(Items listed in a dataset)
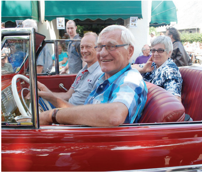
Classic cars Ruinerwold, Oldtimerdag
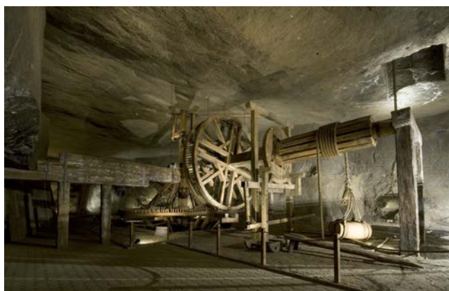
Kierat polski w ekspozycji Muzeum Żup Krakowskich
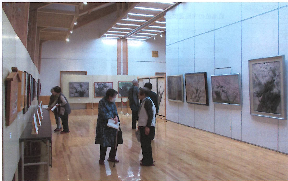
所狭しと並ぶ山腰さんの作品①
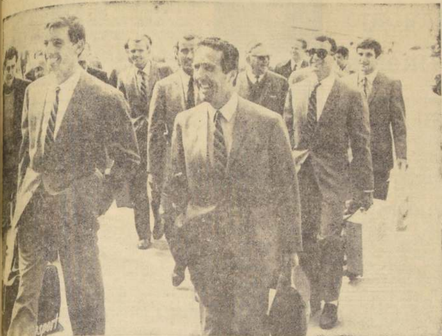
A las 13.30 horas de ayer llegó al aeropuerto de Pudahuel la delegación del famoso equipo italiano de fútbol internacional, quien mañana, en el Estadio Nacional, enfrentará a la Selección Chilena. Por determinación del entrenador del cuadro, Heleno Herrera, que en el gradado aparece en primer plano, los jugadores italianos no recibieron a la prensa ni formularon ningún tipo de declaraciones. Sólo lo harán hoy, luego que entrenen en el Estadio Nacional, a las 9.30 horas.
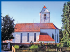
St. Dionysius Hiltens- weiler
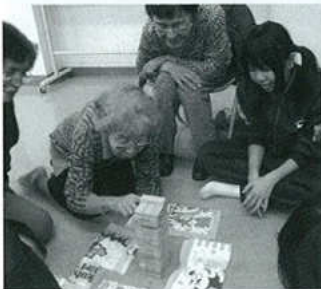
三谷中とのふれあい活動

明日へと導く事の出来る、若手加入者を迎える為にも、心を広く柔らかく持って! ウェルカム!
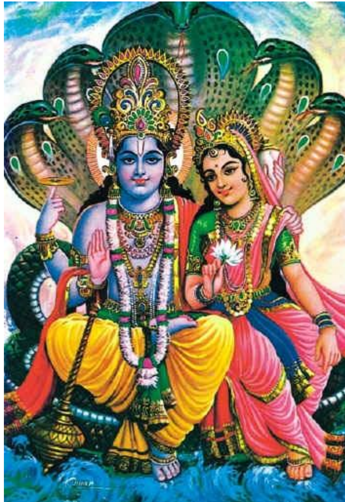
Koning Dasrath en Koningin Sita

dat zijn land een voorbeeld zou zijn voor alle landen op de wereld. Ieder kwaad roeide hij uit, want kwaad hoort bij donker, vond koning Rama. En het land van Rama moest alleen maar een land van het licht zijn. Ondanks zijn roem bleef koning Rama toch eenvoudig. Na zijn dood vereerden de mensen van zijn rijk hem als een god. Een god die licht bracht en vocht tegen de duisternis.
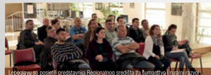
Lepoglavi su posjetili predstavnici Regionalnog središta za šumarstvo i ruralni razvoj

Predstavnici REFORD-a razgledali su i područje koje svojim aktivnostima pokriva udruga "Kesten" te šumsku mehanizaciju kojom se koriste njeni članovi.
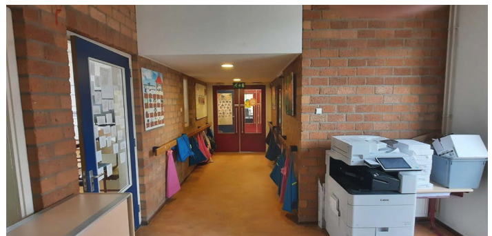
hoe de gangen er voor de renovatie uitzagen
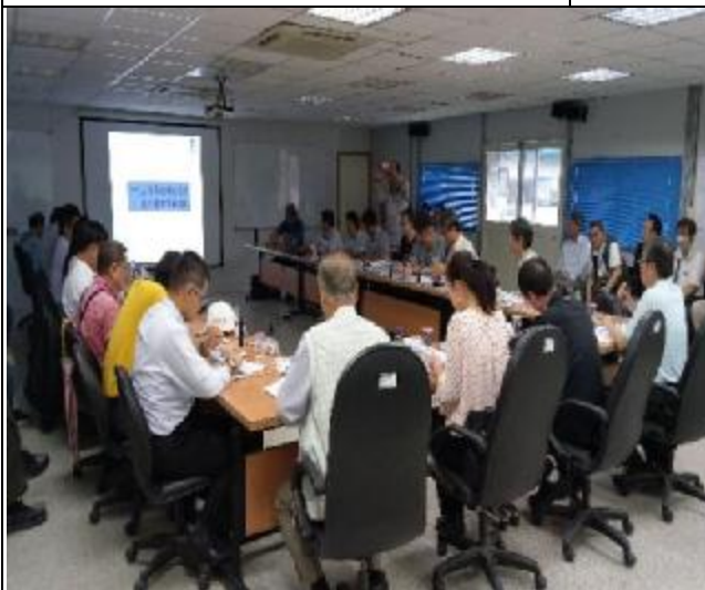
營建署辦理第九次工程查核會議 1060517
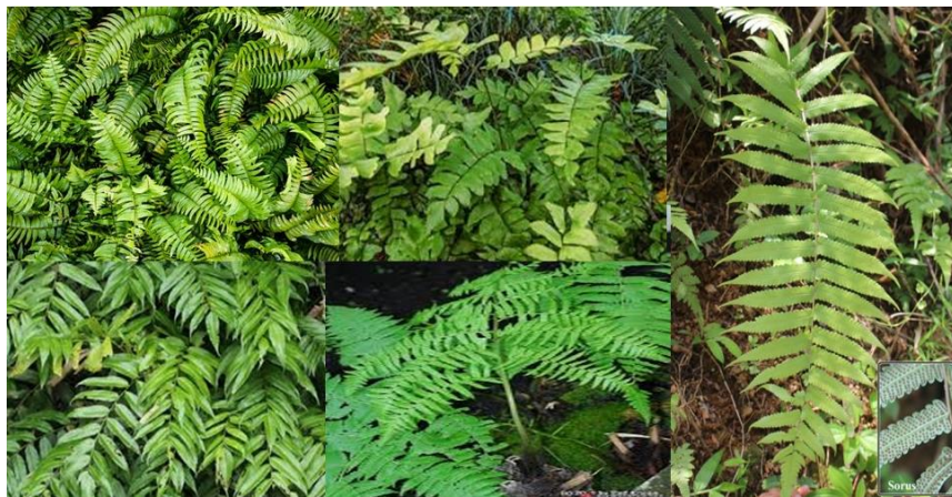
Gambar 2. 4 Gulma Pakisan ( Fern ). Atas: Nephrolepis biserrata , Adiantum trapeziforme . Bawah: Cyclosorus aridus , Diplazium asperum . Kanan: Stenochlaena palustris

Gulma pakisan juga merupakan gulma banyak dijumpai di perkebunan kelapa sawit menghasilkan dibandingkan gulma berdaun sempit dan teki-teki, diantaranya adalah Nephrolepis biserrata , Adiantum trapeziforme , Cyclosorus aridus , Stenochlaena palustris , Diplazium asperum (Satriawan and Fuady, 2019; Asbur et al., 2020; Asbur dan Purwaningrum, 2024b).

### Description of the task
Retype only the lines above from the one with "Kierat polski w" through the one with "Koning Dasrath en Koningin Sita", exactly and with both ends. Images stay out.

### Answer space
Kierat polski w ekspozycji Muzeum Żup Krakowskich
所狭しと並ぶ山腰さんの作品①
A las 13.30 horas de ayer llegó al aeropuerto de Pudahuel la delegación del famoso equipo italiano de fútbol internacional, quien mañana, en el Estadio Nacional, enfrentará a la Selección Chilena. Por determinación del entrenador del cuadro, Heleno Herrera, que en el gradado aparece en primer plano, los jugadores italianos no recibieron a la prensa ni formularon ningún tipo de declaraciones. Sólo lo harán hoy, luego que entrenen en el Estadio Nacional, a las 9.30 horas.
St. Dionysius Hiltens- weiler
三谷中とのふれあい活動

明日へと導く事の出来る、若手加入者を迎える為にも、心を広く柔らかく持って! ウェルカム!
Koning Dasrath en Koningin Sita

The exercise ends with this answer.